* **Problem description**
The required answer is the run of lines from the one holding "Classic american donut" to the end of the data below, copied exactly and free of pictures.

-------- Information provided --------

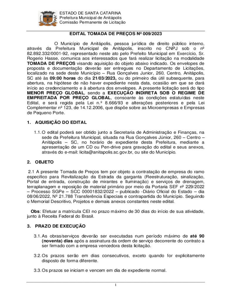 O presente edital visa a aquisição de serviços para a revitalização da Estrada da garganta, incluindo reestruturação, sinalização, construção de mirantes e iluminação, obedecendo às
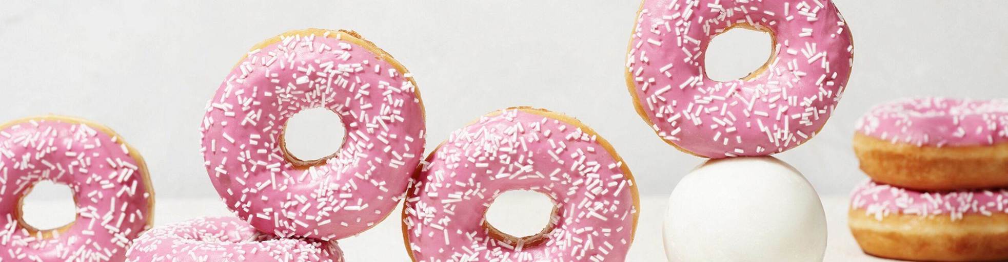 Classic american donut decorated with strawberry glazing. Thaw and serve.
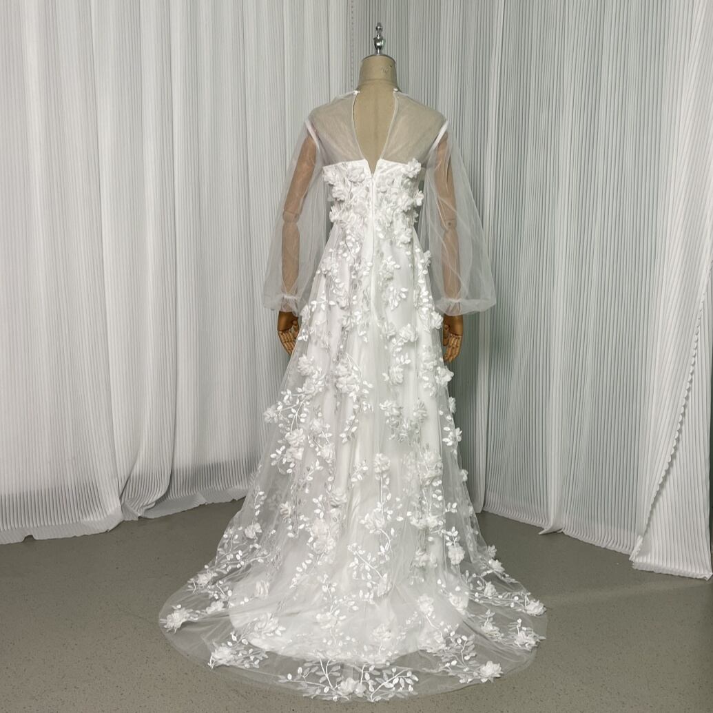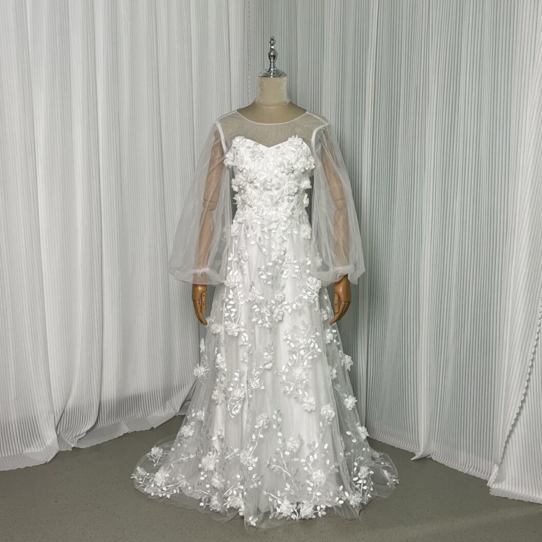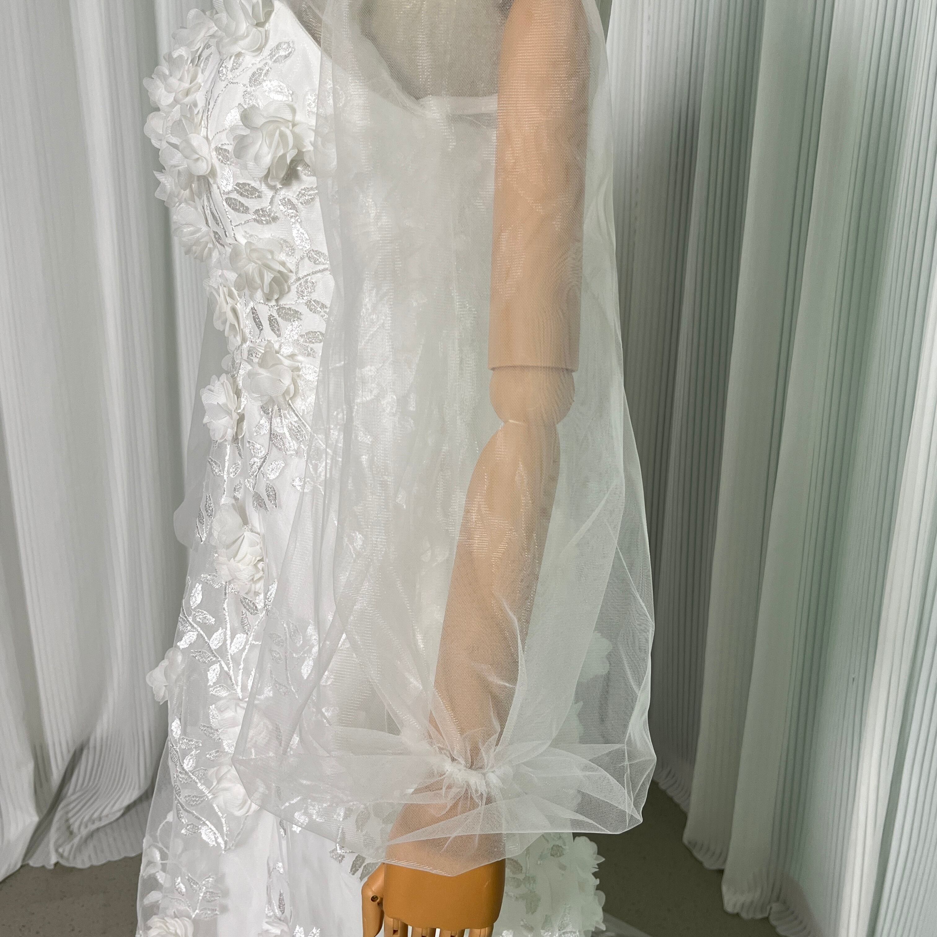 輝きな光彩を放つ ウエディングドレス ベアトップ オフホワイト 花モチーフ マタニティ ドレス 花嫁 結婚式/前撮り

--------

* **Result**
 Classic american donut decorated with strawberry glazing. Thaw and serve.
 輝きな光彩を放つ ウエディングドレス ベアトップ オフホワイト 花モチーフ マタニティ ドレス 花嫁 結婚式/前撮り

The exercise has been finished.